Does Not Look Like Catey Shaw
The term “Brooklynites” has changed. You probably used to know what that meant, but I have no idea what you are picturing. Now, at least for my generation, Brooklynite probably refers to some 20-something that got bored in Michigan and moved to the borough to pursue acting or like, vintage watch repair or some shit. Brooklynite probably refers to someone who lives in Bushwick. Yeah, they definitely live in Bushwick. Wait, what’s the difference between Brooklyn and Bushwick? Aren’t they like, the same?
Let’s face it: there is more to Brooklyn than what we see in Lena Dunham’s Girls, or that now infamous cliché music video “Brooklyn Girls” (or “Brooklyn Boys”) Not to say there isn’t truth to Girls – really, many 20-somethings experiences probably looks just like that. They probably do only run into racial minorities on the bus on the way to another shift at Café Grumpy. They probably never leave Bushwick.
So it’s new, at this point in the cultural flood of violet-haired femmes flooding into the neighborhood, to find a book that focuses on the other Brooklyn. On the babies who grew up there, thought they might leave, then had some kids with a south-side Brooklyn girl and ending up staying. It’s new to read about the lives and times of Marine Park rather than straight-up Bushwick.
And so Mark Chiusano frames his 17 stories about the people of Marine Park. People you know have Brooklyn rolling through their blood by the way they talk about “going into the city” as if the other boroughs are another world. Little kids who go from shoveling your walkway to holding down the jobs your uncle used to have.

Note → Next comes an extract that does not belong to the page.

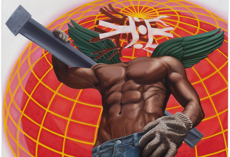 1988年生まれ。ブルックリンを拠点に活動するルーシア・ラブは、様々なオブジェクトを組み合わせて象徴的なポートレートやシーンを描くアーティスト。ラブの作品は、政治的な象徴性やフェミニスト的な倫理観が垣間見え、現代の社会が直面している現実や問題に触れている。《Gigantic》は、西洋のイメージで描かれることの多い「天使」を再考・再構築して、なぜそのようなイメージなのか?と疑問を投げかけ、「力」の価値が自動的に男性像に結びつけられる過ちについて視覚的に言及したジェンダーを追求した作品。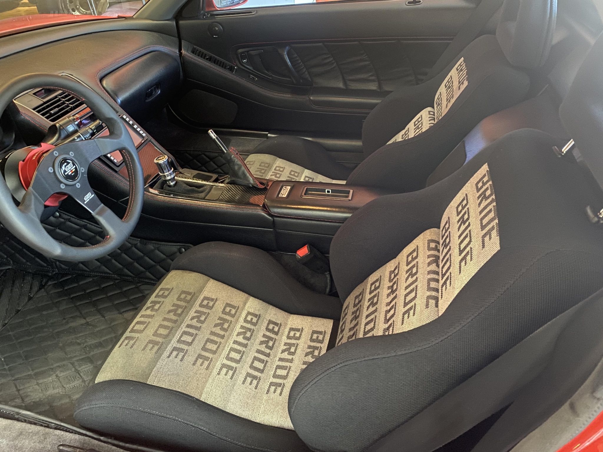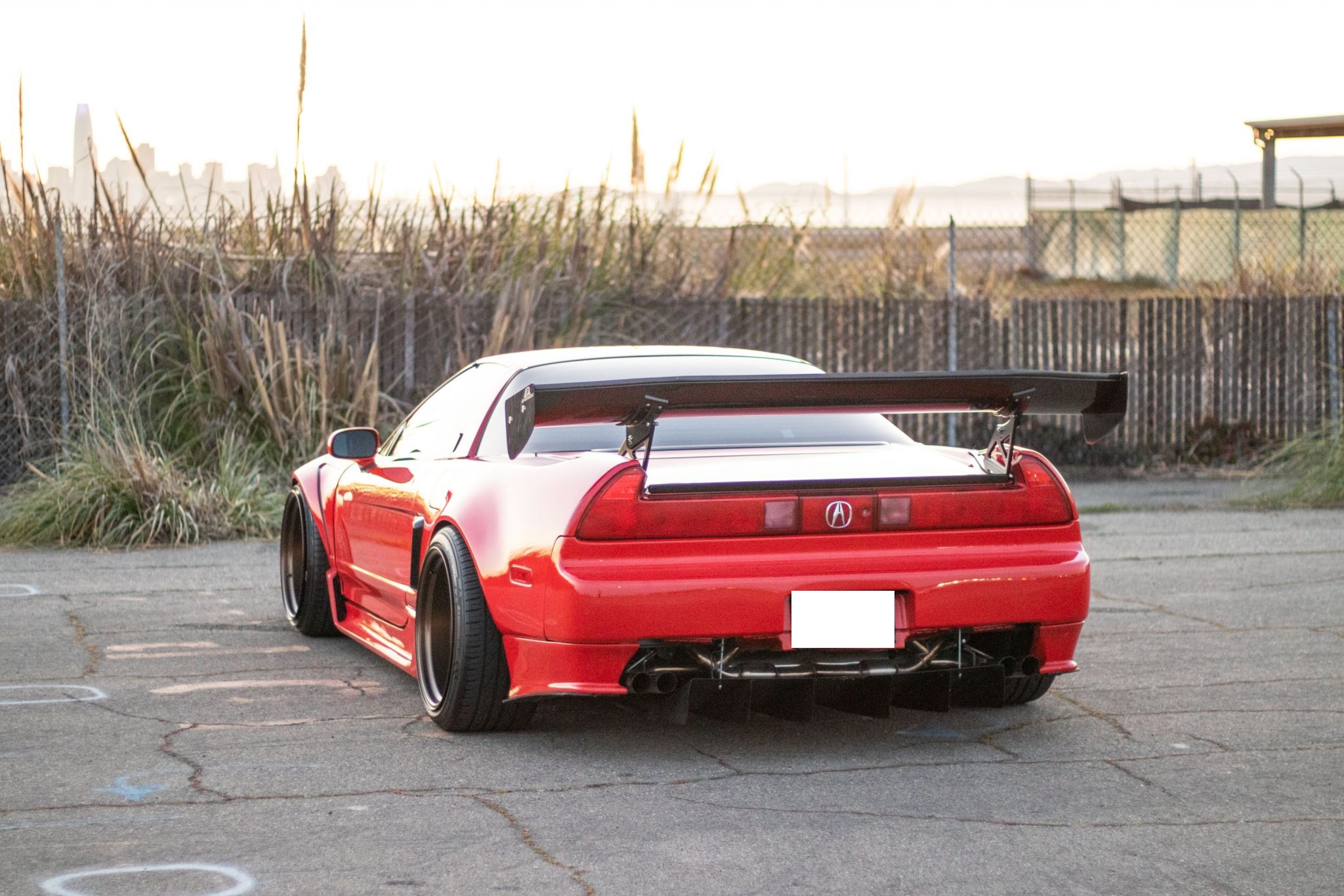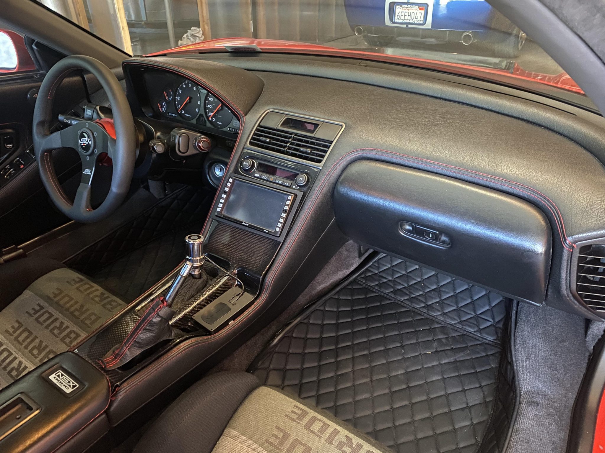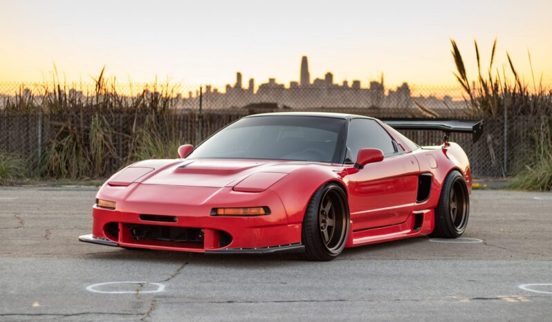 This 1991 Acura NSX is finished in red over a black interior and has been modified with an aluminum Downforce widebody kit and a custom air suspension system. The mid-mounted 3.0L VTEC V6 sends power to the rear wheels via a five-speed manual transaxle and a limited-slip differential. The interior features a Mugen steering wheel, an NRG quick-release hub, carbon-fiber trim, an Eclipse head unit, a backup camera, and Bride reclining seats. Additional equipment includes a carbon-fiber airbox, a Pride Exhaust system, a Difflow rear diffuser, an APR Performance carbon-fiber rear wing, and forged Volk TE37V wheels.

Many of the stories revolve around a pair of these boys, Lorris and Jamison, the first-person seer of a good portion of the book. Their experience looks nothing like what I’d expect from binge watching too much Girls – it seems so much more community, so much more neighbor-helping/knowing-neighbor, almost more small town. The boys age throughout these stories, find love, find their niche. While Lorris goes off elsewhere to college, only coming home for emergencies and major holidays, Jamison stays. Something about Marine Park keeping his inside its boundaries.
There’s other characters as well. One a sleaze who sells goods like cigarettes and pills to grade school kids before going home and jerking off with one hand holding a firearm (I KNOW this guy! I know him!) Another a couple who’ve raised their kids in the area, been there seemingly forever and look like they’re going to stay seemingly forever. Another a group of friends that pass herpes around, one to the other to a boy to a girl. All people you probably remember from your own neighborhood, really. While little seems to tie these characters to Lorris and Jamison besides their neighborhood, reading the new characters serves at least to show the other experiences of residents besides that of the young male protagonists.
While I had fun reading through the stories, discovering this new neighborhood, there’s little in terms of heart or juicy sentences that’s really making it stick for me. I had hopes this would like, catch and capture a significant time/area/culture much like Let the Great World Spin, but there’s no comparing. Maybe more than anything, Marine Park can be culturally significant right now to make us remember that, yes, there are real people in Brooklyn that live here and grew up here and don’t look like Catey Shaw.